又過了十日之後,秋雨一夜,園子裏的菊花落了好些。一邊種的幾棵紅了的楓樹也落了葉兒。
湖裏的水都冒了涼氣兒了又騰着霧氣。細雨落在湖面上,點點水花。
天氣已漸寒,晨起陸拂瑤披上了薄鬥篷。
窗臺上的花草搬下來放在了地上免得着了秋涼就蔫了。
雪茹撐着傘去膳房爲陸拂瑤拿了早膳,進門的時候對陸拂瑤道:“小主,大家夥兒都說要搬去圓明園的事兒呢。”
“奴才們在張羅着如何搬挪物件兒。該是很快就要搬去圓明園住了,奴婢聽說那園子可漂亮了。是之前皇上他老人家頂喜歡的園子呢。”
陸拂瑤坐在軟榻上接了雪茹遞過來的熱茶,看雪茹又將熱騰騰的早膳擺在桌上。
“若是離開這裏,我還有些捨不得呢,這裏多好啊。獨門獨院兒,自在。”
“倒也是的。在住了快一年了呢,多少有些捨不得。小主,用膳吧。”
陸拂瑤站起來坐在桌邊。雪茹給她遞了筷子又道:“奴婢聽說一件事。說是福晉最近在查一筆銀子的虧空,數目不小,有八百兩呢,也不知哪個奴才膽大包天,吞了這麼一大筆銀子,也不怕撐着。許是被壓住沒露出來的虧空不止這個數呢。”
陸拂瑤不以爲然:“想必能動的了這麼大一筆銀子的定是個大太監,若是被查出來,屁股開花少不了。有人該急了。”
她首先想到的是內務房的侯公公,那喫的流油的樣子又勢利眼兒,不幹點壞事對不起他這張臉。

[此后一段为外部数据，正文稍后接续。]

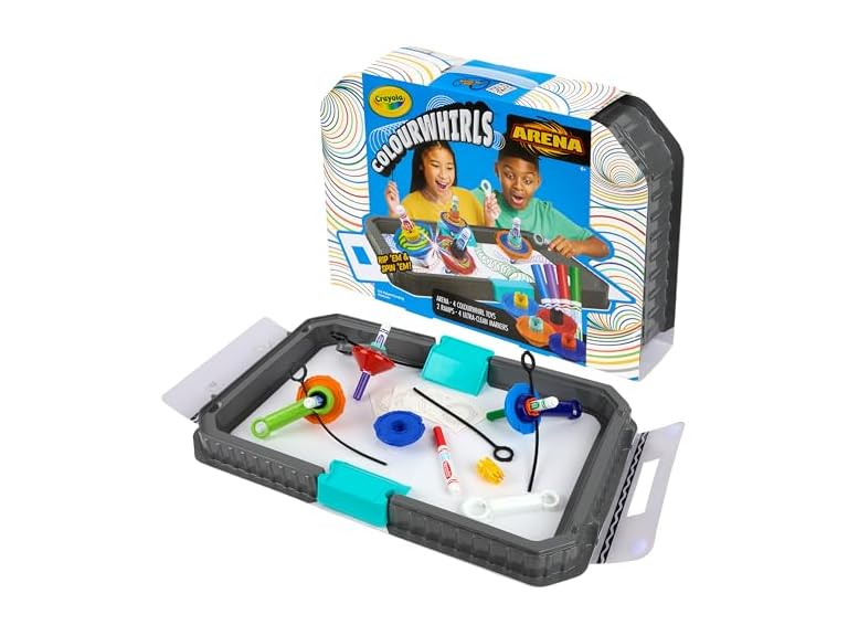 - (1) Crayola Colourwhirls Battle Arena Art Game, DIY Gyro Spin Art Toy, 4 Battling Spinning Top Toys, Birthday, Holiday for Kids, Ages 6+

之前那個落水死的林公公,也是內務房的人,內務房是個肥差也最容易滋生貪婪。
雪茹又道:“主子,還有一事,奴婢聽跟在主子爺身邊的小德子說,十三爺的腿疾主子爺幫着找了好些郎中,治是治了,卻留下後遺症。”
“又查不出什麼緣由的,說可能是傷到了骨頭了。主子爺的爲這事兒挺擾心。”
陸拂瑤嘆道:“若真的治不好,也是沒法子的事。”
史書有記着,胤祥的腿疾留下後遺症,一到冬天,他的右腿就會疼痛,一瘸一拐的。
四爺看着胤祥的傷腿,就會想起胤礽的短來,倒也未必不是一件好事。
“雪茹,還有什麼一併說來。”
“是,小主,那魏庶福晉前兒侍寢了。”
陸拂瑤微怔:“哦?怎的?”
“您也知,這魏庶福晉常去福晉院兒裏走動,主子爺去福晉院兒自是會撞見。前兒主子爺和李衛大人還有張延玉大人在十三爺那裏喫了酒回返,去了福晉院兒裏說話,正巧兒碰到了魏庶福晉,就允了她侍寢。”
“奴才們在背後有嚼舌根呢,說魏庶福晉都入府快兩年了。費盡心思討好福晉,又得是主子爺醉酒才得已侍寢了,也真不是什麼風光的事兒呢。”
陸拂瑤淺淺笑了,四爺多聰明的人,他能因着醉酒讓讓哪個女人爬了他的榻?估摸着也是覺得晾了魏氏兩年了,該有個交代罷了。